Gold software was used to examine the interaction of intermolecular N-(4-bromophenyl)furan-2-carboxamide (3) and its analogues (5a-i) with NDM-positive A. baumannii protein [35]. The Gold score fitness function was used to estimate the binding energies of a produced ligand with a protein receptor. One hundred conformations of the NDM-1 active site per ligand were predicted to eliminate any basis in the docking process. A high-resolution crystal structure of NDM-1 bonded to L-captopril (PDB ID: 4EXS) from the Protein Data Bank (PDB) was chosen as a model for the entire docking investigation [36]. The binding site was sampled by keeping a distance of 20 Å around the amino acid residues Asn220, Cys208, His250, Gly219, His122, Asp124, His189, Val73, His120, Met67, and Trp93 [36]. These previously known amino acid residues from mutagenesis data are implicated to be crucial in defining the binding site/region of NDM-1 protein for the docking study of N-(4-bromophenyl)furan-2-carboxamide (3) derivatives. The X-ray crystallographic structure of NDM-1(4EXS) was prepared before the docking by the removal of L-captopril and water molecules. Moreover, the 4EXS was optimized by the protonation at a pH of 7.0 followed by the energy minimization using Amber99 force field in the Molecular Operating Environment (MOE). Furthermore, the N-(4-bromophenyl)furan-2-carboxamide (3) and its analogues (5a-i) were also energy minimized using the MMFF9x force field in MOE. Both the 4EXS structure and ligands were subjected to molecular docking for protein–ligand interaction analysis [37].

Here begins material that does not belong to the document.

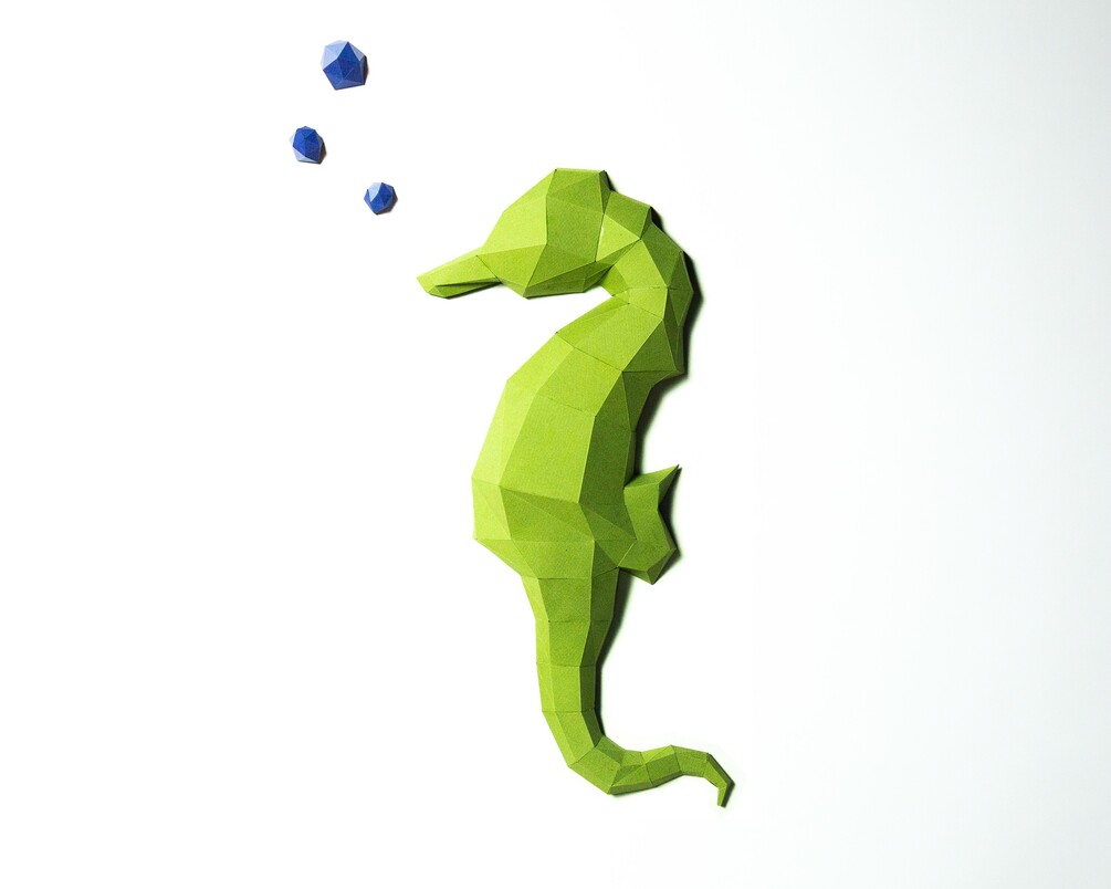 Seahorse wall decor, Seahorse Model, Seahorse paper, Seahorse paper ,Seahorse low poly , papercraft, DIY, trophy, papermodel, Sculpture
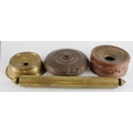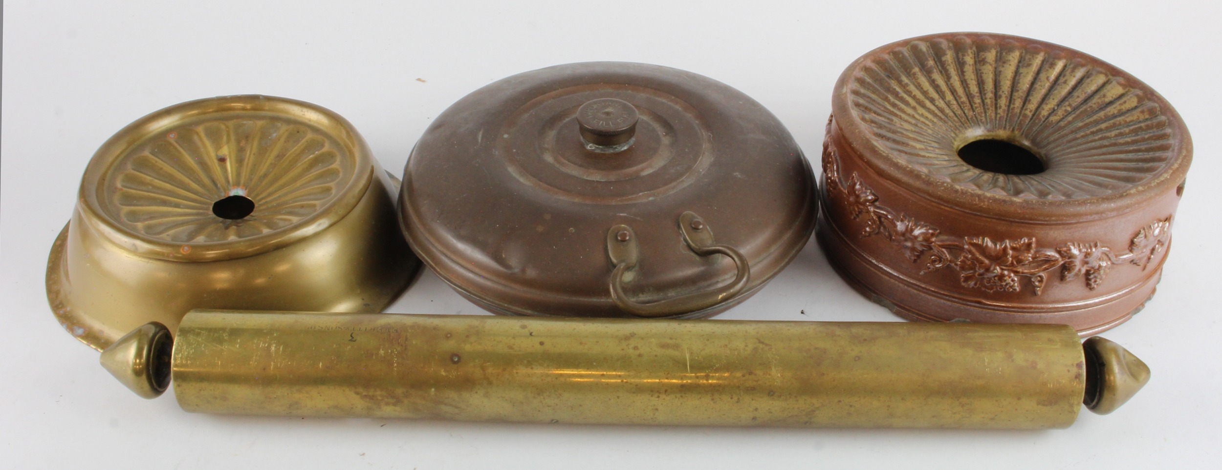 19th c. stone-ware pottery spittoon (some damages), an early brass spittoon, a brass rolling pin and a brass bed warmer

3.7. Molecular Dynamics (MD) Simulation

Molecular dynamics (MD) simulation was performed using the CHARMM36 force field in the GROMACS software [38]. The ligand (3, 5c, 5g, 5h, and 5i) topology files compatible with the receptor (4EXS) force field (CHARMM36) were obtained from the CGenFF server. The system was solvated using the TIP3P water model to represent the explicit water molecules. Moreover, the Na+ ions were also added to neutralize the system. The subsequent NVT and NPT equilibration simulations were carried out at 300 K using the Nosé–Hoover thermostat and the Parrinello–Rahman barostat, respectively [39]. After the energy minimization and equilibration steps, the MD simulation was performed for all the experimentally tested compounds to check their stability in the binding pocket over 50 ns. The root-mean-square deviation (RMSD) graphs of the simulated NDM-1 A. baumannii (3) and its analogues (5c, 5g, 5h, 5i) were plotted through the QTgrace software to analyze the stability of complexes (4EXS-3, 5c, 5g-5i) over 50 ns of MD simulation.

4. Conclusions

We synthesized N-(4-bromophenyl)furan-2-carboxamide (3) with an excellent yield (94%). A series of functionalized molecules (5a-i) were synthesized by the Suzuki–Miyaura cross-coupling reaction in moderate to good yields (43–83%). The molecule (3) was found to be the most effective compound against these bacteria, particularly NDM-positive A. baumannii as compared to various commercially available drugs. Docking studies and MD simulations revealed the stability of the protein–ligand complexes. All of the compounds (3, 5a-i) were embedded into the NDM-1 active site but compound (3) displayed hydrogen bonding and hydrophobic interactions: Pi-H and Pi-Pi. Further validation showed the stability of the protein–ligand complexes. The compound (3) was the most valuable and proved to be a potential antibacterial agent.